Housing advocates are urging MPs to ignore 'fearmongering' and support Labor's proposed changes to negative gearing and capital gains tax, calling the reforms 'long overdue' as Australia grapples with a deepening housing crisis.
The Guardian reports that community organizations are mounting pressure on crossbench MPs and moderate Liberals to support the legislation, arguing that decades of tax policy favoring property investors have priced an entire generation out of homeownership.
Labor's finally taking on negative gearing—the policy sacred cow that's dominated Australian housing debate since the 1980s. This is the reform they tried and failed to sell in 2019. Will it work this time?
The proposed changes would limit negative gearing to new builds only, preventing investors from claiming tax deductions on losses from existing properties. The capital gains tax discount for investment properties would also be reduced. The goal: redirect investor capital toward new housing construction rather than bidding up prices on existing homes.
Opponents are already running the same playbook from 2019—claims that rents will skyrocket, that investors will flee the market, that the changes amount to class warfare. Housing advocates say that's fearmongering unsupported by evidence.
The economic research suggests the rent impact would be minimal—maybe a dollar or two per week—and that the reforms would primarily affect high-income earners using property tax breaks to reduce their tax bills.

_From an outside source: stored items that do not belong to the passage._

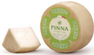
BRIGANTE DI CAPRA SARDA Sardinian goat cheese brigante Cod: 0026816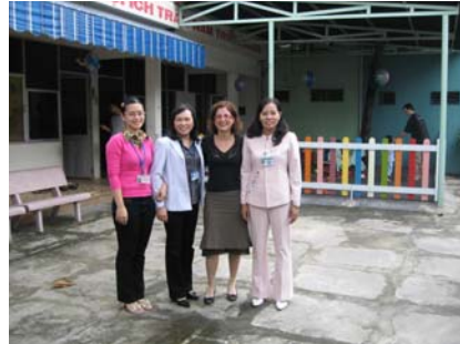
Directora del orfanato y dos representantes del ministerio de asuntos exteriores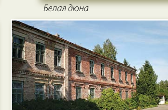
Здание бывшей Морской школы

В Слитерском национальном парке проложено еще несколько пешеходных, вело-, водо- и автотуристических маршрутов – ищите путеводители маршрутов на www.celotajs.lv и метки в природе!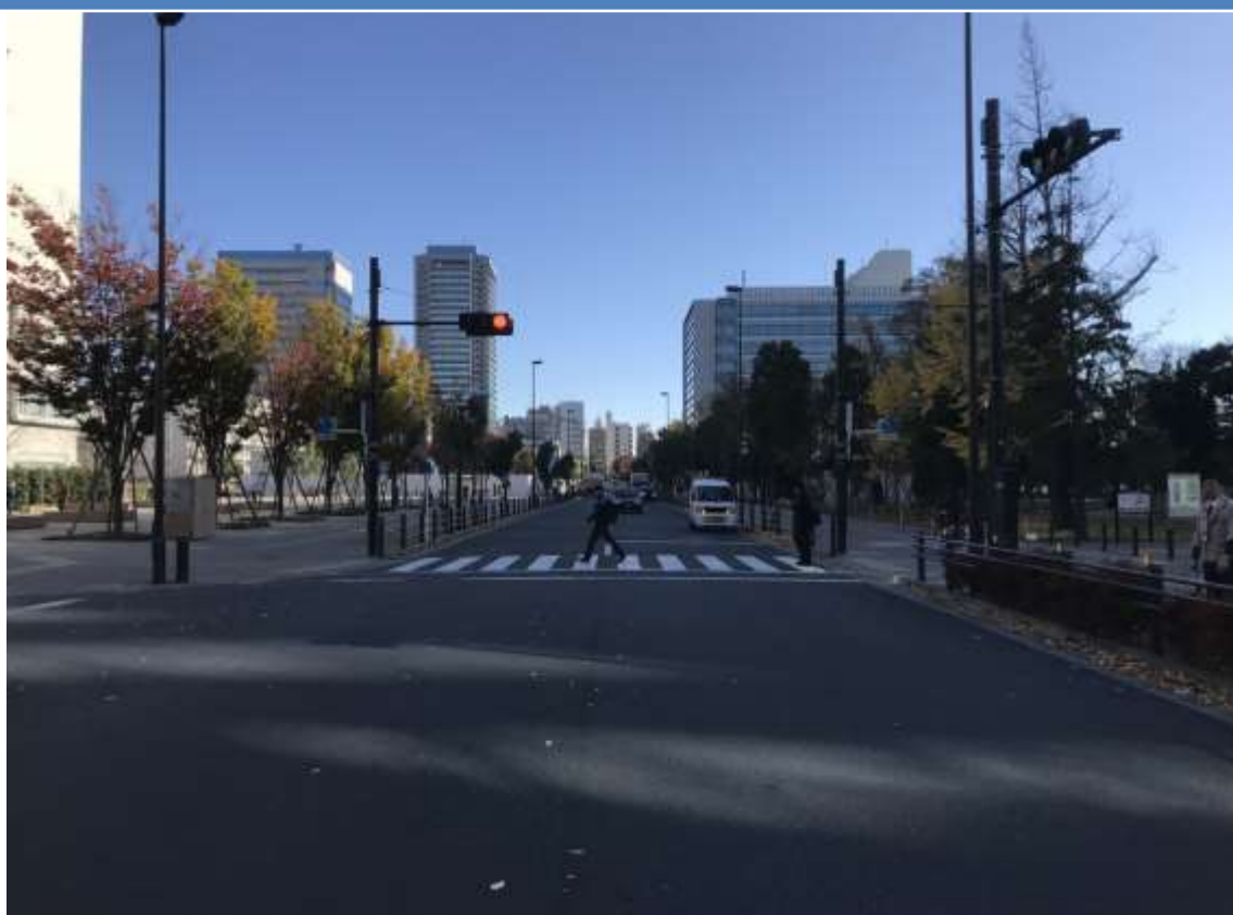
中野四季の都市（区道 22-450）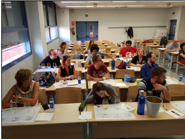
Aula de catas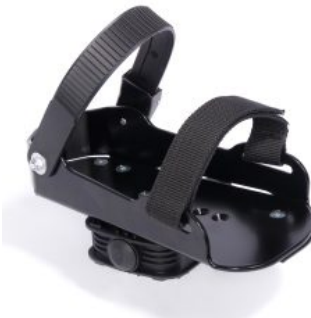
Pedales tipo sandalia triciclo Momo

For Australia's housing crisis, this represents Labor's most significant intervention yet. But the political risk is enormous. The property lobby is powerful, voters are sensitive to anything affecting house prices, and the opposition will hammer the government relentlessly.
Whether crossbenchers support the legislation could determine not just housing policy but Anthony Albanese's government's legacy. This is the sort of reform that defines whether a government was willing to tackle hard problems or played it safe.